-- The task --
Leave the images aside and copy out the whole listing, exact to the word.

-- Data below --
###

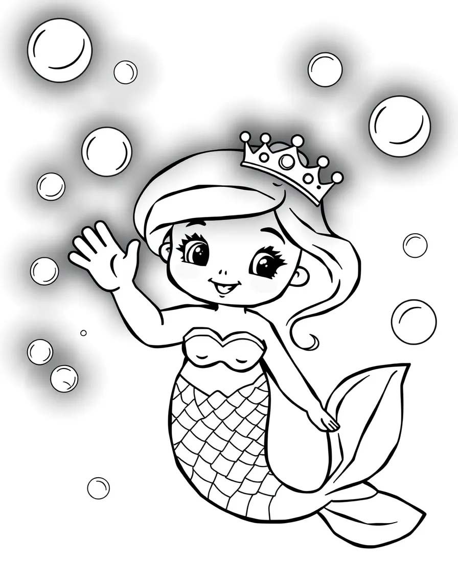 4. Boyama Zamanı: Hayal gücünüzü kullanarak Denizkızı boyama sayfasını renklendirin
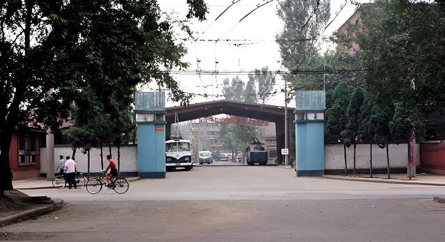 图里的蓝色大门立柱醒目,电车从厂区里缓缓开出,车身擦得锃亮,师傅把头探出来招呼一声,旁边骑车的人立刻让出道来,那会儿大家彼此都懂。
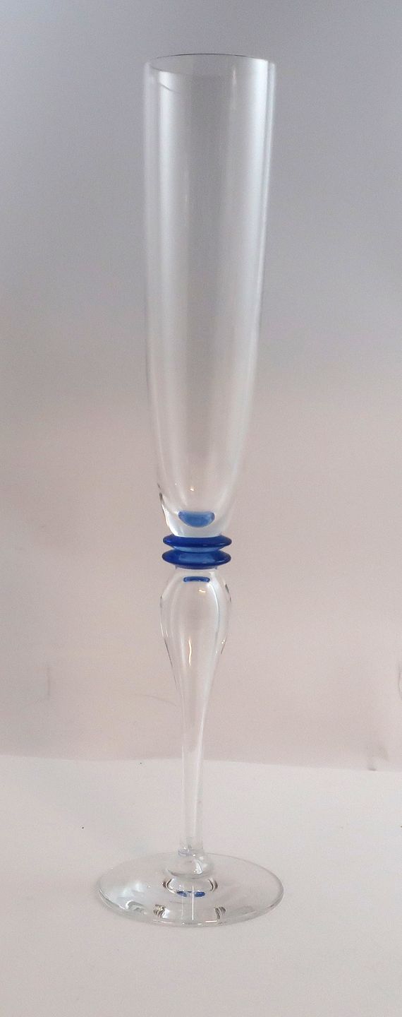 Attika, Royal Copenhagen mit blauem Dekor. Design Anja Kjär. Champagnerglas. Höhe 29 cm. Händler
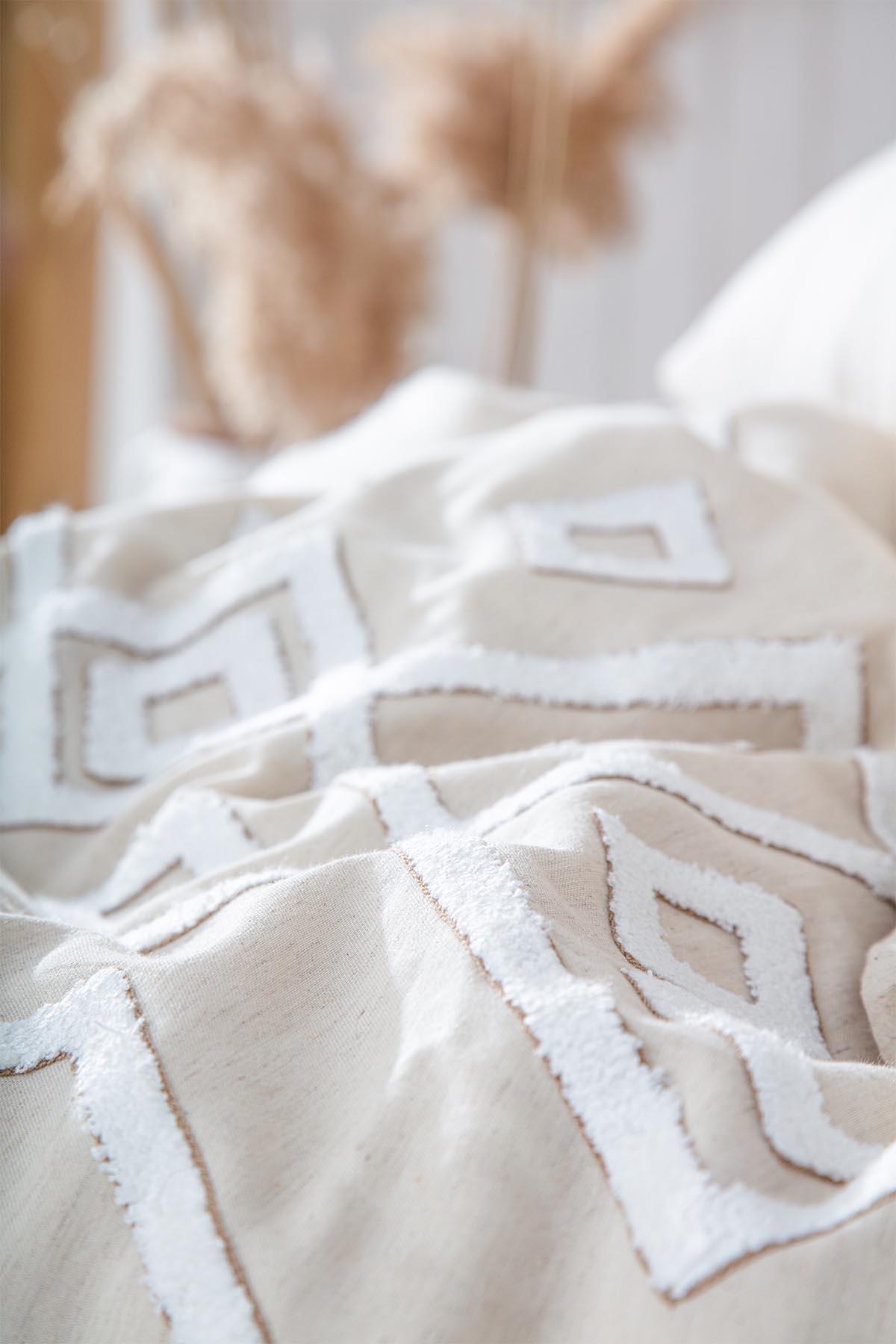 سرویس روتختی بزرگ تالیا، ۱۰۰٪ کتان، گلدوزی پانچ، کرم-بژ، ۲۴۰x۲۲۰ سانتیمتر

###

-- Exercise output --
 4. Boyama Zamanı: Hayal gücünüzü kullanarak Denizkızı boyama sayfasını renklendirin
 图里的蓝色大门立柱醒目,电车从厂区里缓缓开出,车身擦得锃亮,师傅把头探出来招呼一声,旁边骑车的人立刻让出道来,那会儿大家彼此都懂。
 Attika, Royal Copenhagen mit blauem Dekor. Design Anja Kjär. Champagnerglas. Höhe 29 cm. Händler
 سرویس روتختی بزرگ تالیا، ۱۰۰٪ کتان، گلدوزی پانچ، کرم-بژ، ۲۴۰x۲۲۰ سانتیمتر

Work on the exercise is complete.